Geez even a technician could load a keylogger on your machine, if they will snoop in your photos, I don't think it is not a possibility.
12:54 pm
March 30, 2017
kelbee said
I don't think anyone should be too confident their computer doesn't have malware. Consider the Solar Winds supply chain attack. The update was hacked. You dutifully applied the update, best practices after all, and now you have loaded up malware.Geez even a technician could load a keylogger on your machine, if they will snoop in your photos, I don't think it is not a possibility.
It certainly is possible but those cases are rare and NOT how the majority if people got malware on their devices. Basically everyone who got scam money will always cry foul and claim they do nothing wrong. Otherwise can’t really portrait themselves as the victim that deserves compensation…
1:50 pm
November 5, 2022
Its pretty shocking when some people blame the victims of serious financial crime, for the crime.
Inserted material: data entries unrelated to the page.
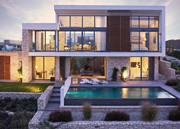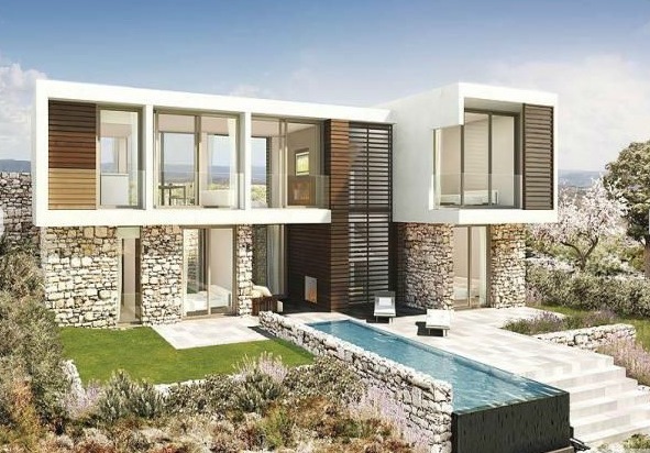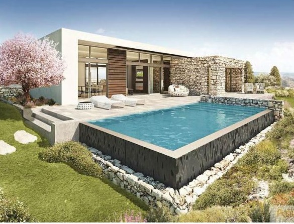 For sale modern villa in Paphos, a city in the southwestern part of the island of Cyprus. Administratively the town is the center of the eponymous district. The villa has 3 bedrooms, a living area of 300 sqm, land area 1350 sq.m .. Minthis Hills - this is the best golf property! This complex reveals new facets of living in the Mediterranean, and offers luxury homes and villas in Cyprus. Distinctly contemporary architecture inspired by local cultures, organically merges with nature. Each residence EXCLUSIVE property is a smooth series of open and closed areas, allowing you to enjoy an ideal climate all year round in Cyprus. Designed by world-renowned architect's "Woods Bagot" residence Minthis Hills are the best set of golf real estate abroad, which differ in a relaxed elegance. It draws inspiration in the traditional Mediterranean architecture, characterized by open spaces, water bodies, and private holdings. Reflecting the character and style of Cyprus golf property, they are made up of traditional stone and rich wood elements. Drawing on these elements into a luxurious modern interior, "Woods Bagot" achieves an exquisite timeless design takes full advantage of its spectacular surroundings. The architectural approach focuses on creating sensations living in nature, being indoors, with panoramic windows, framing views. Characteristic for this area of luxury golf real estate project provides natural ventilation of each villa and forms airy interiors, open-plan, and extensive outdoor areas designed for spending time in nature. All villas are equipped with spacious terraces, outdoor fireplace and a panoramic swimming pool. The choice seems to be somewhat of variants, each of which can be adapted to the requirements of the buyer.
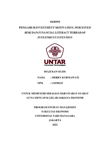 Kurniwati, Merry (2022) PENGARUH INVESTMENT MOTIVATION, PERCEIVED RISK DAN FINANCIAL LITERACY TERHADAP INVESTMENT INTENTION. Skripsi thesis, Universitas Tarumanagara.
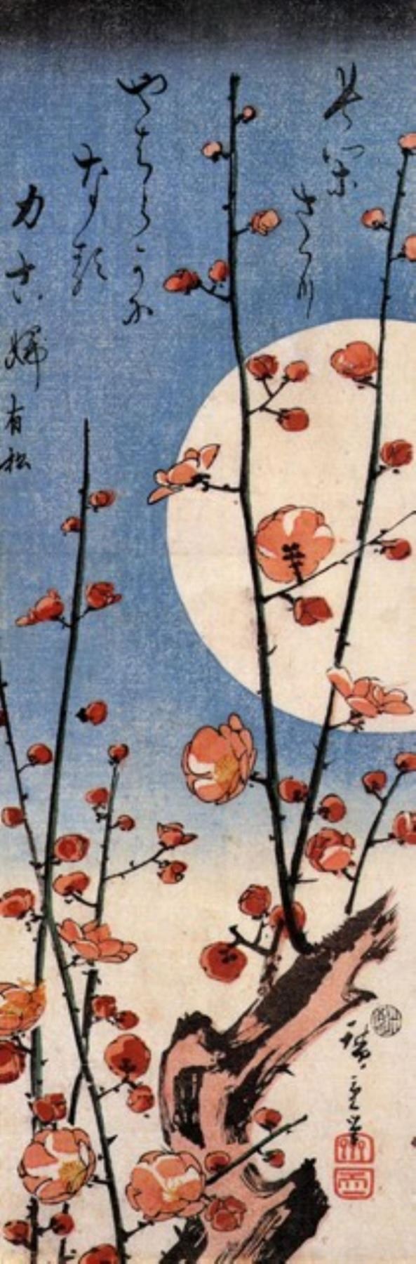 Artist: Utagawa Hiroshige - Title: Blooming Plum Tree with Full Moon - Medium: Fine Art Giclee on Canvas - Image Size: Approximately 32 inches x 10.5 inches - Unframed on Unstretched Canvas - Biography: (1797 - 12 October 1858) Hiroshige 's print s convey the beauty of Japan and provide insight into the everyday life of its citizens during the Edo period. The appeal of his tender, lyrical landscapes was not restricted to the Japanese audience.Hiroshige 's work had a profound influence on the Impressionists and Post-Impressionists of Europe: Toulouse-Lautrec was fascinated withHiroshige 's daring diagonal compositions and inventive use of perspective, while Van Gogh literally copied two ofHiroshig's prints from the famous series, 100 Famous Views of Edo in oil paint. - The borders may not be even inHiroshig's images. Please refer to the image.

Its like blaming the victim of a home invasion for not having a house made of steel, or a car-jacking victim for being in a car, they should stay home right?
These people are victims of very serious and sometimes sophisticated financial crimes, some using invisible malware to steal their credentials and spoof their identity.
It is 100% up to the banks to massively increase their own security in every way possible to reduce this.
Its like when Microsoft Windows was getting hacked daily, until MS was forced to fix it.
But no, banks like Simplii Financial literally won't even respond to people within 30 days to remove the Global Financial Transfer backdoor from their account. Banks do not care, they don't want to pay for staff, they want to eliminate staff and use AI.
And they want to blame the victims of financial crime for the crime. Like some are doing here, which is not surprising based on a general self-centered arrogance that it could not happen to them.
3:27 pm
April 27, 2017
savemoresaveoften said
It certainly is possible but those cases are rare and NOT how the majority if people got malware on their devices. Basically everyone who got scam money will always cry foul and claim they do nothing wrong. Otherwise can’t really portrait themselves as the victim that deserves compensation…
They are still victims of crime and can rightly portray themselves as such. Obviously.
Whether they did something wrong or not - I have no certainty one way or another. Its true that self-interest would make them blame the bank. Equally true that the bank would try to absolve itself of responsibility. I have no way of knowing what actually happened. A good court case might help to find out who is closer to the truth.
4:37 pm
September 11, 2013
Exactly, making the claim that you are a victim doesn't make it so.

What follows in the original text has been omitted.